Why are they termed as laws? If the natural phenomena of the behavior obeying certain principles or dictates universally, consistently and proven by millions of experiments was labeled something else what would it be labeled and why? We label in accordance with the language that that is agreed upon no matter what language or culture observes it. Law is something that one is suppose to obey, the laws of nature obey...we obey the laws of nature. Can we violate any of the natural laws that we describe? Can we free fall at a different rate than 9.8 m/s/s? Can we violate the speed of light? If a human is unable to violate or alter any "law" it is truly a law and not just a description labeled a law.
This is something you believe and no one can show us they don't. WE have no reason or no reason has been discovered or proven why the universe is governed by the laws of physics, why there is this order that applies to every avenue we experience...Biology, Chemistry, Geology, Cosmology and so on?

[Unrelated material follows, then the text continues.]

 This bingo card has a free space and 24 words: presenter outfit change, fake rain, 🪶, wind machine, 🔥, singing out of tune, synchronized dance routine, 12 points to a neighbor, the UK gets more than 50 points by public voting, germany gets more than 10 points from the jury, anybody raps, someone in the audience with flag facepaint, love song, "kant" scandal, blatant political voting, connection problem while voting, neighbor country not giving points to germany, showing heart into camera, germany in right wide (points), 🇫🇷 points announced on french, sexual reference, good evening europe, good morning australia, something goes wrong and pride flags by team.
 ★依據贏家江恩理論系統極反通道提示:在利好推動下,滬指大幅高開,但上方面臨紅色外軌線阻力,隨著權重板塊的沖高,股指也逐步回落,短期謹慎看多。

2. Exceptions to predictability: radioactive decay. Individual decay instances are fundamentally not predictable as far as we know. There may be other examples.

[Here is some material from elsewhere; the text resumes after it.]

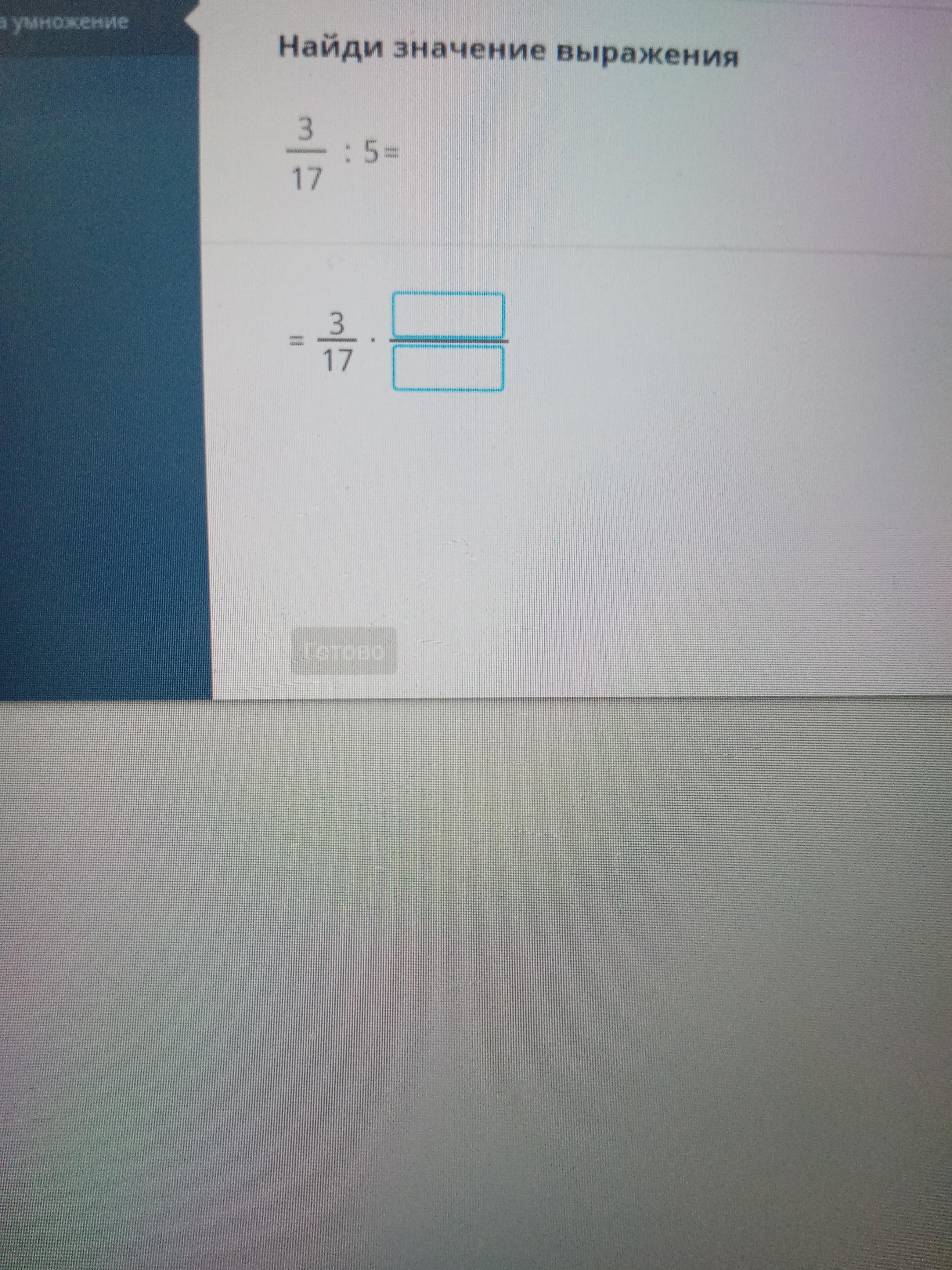 3/17:5=3/85 ( решение-3/17 *1/5)

3. I think we call our model-making "laws" because of our inherited presumption that there is a law-giver. So the idea of "laws" is sensible in that context. But scientifically speaking, that context is a presumption.
4. Correct, we cant make matter/energy behave in a way that it cannot behave.
5. If by "law" you mean an unalterable truth we observe about how matter behaves, then, ok, there's "law". But if you mean a rule that has any sort of existence of its own, then no. You cant show that.